→ Exercise data
BEGIN

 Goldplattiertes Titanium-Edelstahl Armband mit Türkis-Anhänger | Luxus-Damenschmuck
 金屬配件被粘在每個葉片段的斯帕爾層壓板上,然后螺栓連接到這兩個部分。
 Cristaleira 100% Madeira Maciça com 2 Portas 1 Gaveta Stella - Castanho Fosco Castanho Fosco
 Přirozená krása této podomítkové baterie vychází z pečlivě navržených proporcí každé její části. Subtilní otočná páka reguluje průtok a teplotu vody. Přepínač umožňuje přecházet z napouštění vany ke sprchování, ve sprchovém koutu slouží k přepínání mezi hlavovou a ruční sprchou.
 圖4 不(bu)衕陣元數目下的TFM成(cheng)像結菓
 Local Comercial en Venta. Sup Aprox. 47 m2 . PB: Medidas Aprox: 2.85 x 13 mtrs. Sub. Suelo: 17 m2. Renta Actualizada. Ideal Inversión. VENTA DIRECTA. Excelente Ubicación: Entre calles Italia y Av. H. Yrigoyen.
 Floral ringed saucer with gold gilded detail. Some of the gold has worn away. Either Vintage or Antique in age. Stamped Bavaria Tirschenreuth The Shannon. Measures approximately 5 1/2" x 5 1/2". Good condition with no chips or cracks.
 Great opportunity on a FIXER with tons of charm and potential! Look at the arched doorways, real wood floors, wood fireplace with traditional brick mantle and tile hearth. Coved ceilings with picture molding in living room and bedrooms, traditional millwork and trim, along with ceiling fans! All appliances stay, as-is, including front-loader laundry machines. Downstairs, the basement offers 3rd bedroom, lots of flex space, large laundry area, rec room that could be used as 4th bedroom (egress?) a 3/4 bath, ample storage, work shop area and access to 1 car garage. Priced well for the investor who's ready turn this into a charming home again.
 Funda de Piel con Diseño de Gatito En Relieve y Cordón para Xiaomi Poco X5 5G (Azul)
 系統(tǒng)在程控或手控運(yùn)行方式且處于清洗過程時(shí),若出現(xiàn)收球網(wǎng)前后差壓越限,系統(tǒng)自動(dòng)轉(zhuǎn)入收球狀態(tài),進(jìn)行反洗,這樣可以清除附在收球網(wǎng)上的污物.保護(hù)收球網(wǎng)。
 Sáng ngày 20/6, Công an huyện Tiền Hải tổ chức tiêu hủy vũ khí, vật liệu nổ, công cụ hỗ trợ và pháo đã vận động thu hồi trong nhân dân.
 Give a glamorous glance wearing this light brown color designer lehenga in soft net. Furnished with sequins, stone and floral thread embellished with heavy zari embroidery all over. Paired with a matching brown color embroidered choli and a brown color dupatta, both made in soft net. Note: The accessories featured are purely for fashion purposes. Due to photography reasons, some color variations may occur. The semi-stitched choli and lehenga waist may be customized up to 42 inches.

END
BEGIN

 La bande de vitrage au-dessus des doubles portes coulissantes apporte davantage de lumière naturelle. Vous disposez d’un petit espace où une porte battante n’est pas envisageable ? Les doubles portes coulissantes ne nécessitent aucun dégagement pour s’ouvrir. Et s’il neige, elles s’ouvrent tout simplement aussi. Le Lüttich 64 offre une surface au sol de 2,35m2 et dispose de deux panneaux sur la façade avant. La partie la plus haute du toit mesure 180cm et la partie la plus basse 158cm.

END

→ Activity
Scan the material above. Extract every line in which the word "this" occurs.

→ Task result
 Great opportunity on a FIXER with tons of charm and potential! Look at the arched doorways, real wood floors, wood fireplace with traditional brick mantle and tile hearth. Coved ceilings with picture molding in living room and bedrooms, traditional millwork and trim, along with ceiling fans! All appliances stay, as-is, including front-loader laundry machines. Downstairs, the basement offers 3rd bedroom, lots of flex space, large laundry area, rec room that could be used as 4th bedroom (egress?) a 3/4 bath, ample storage, work shop area and access to 1 car garage. Priced well for the investor who's ready turn this into a charming home again.
 Give a glamorous glance wearing this light brown color designer lehenga in soft net. Furnished with sequins, stone and floral thread embellished with heavy zari embroidery all over. Paired with a matching brown color embroidered choli and a brown color dupatta, both made in soft net. Note: The accessories featured are purely for fashion purposes. Due to photography reasons, some color variations may occur. The semi-stitched choli and lehenga waist may be customized up to 42 inches.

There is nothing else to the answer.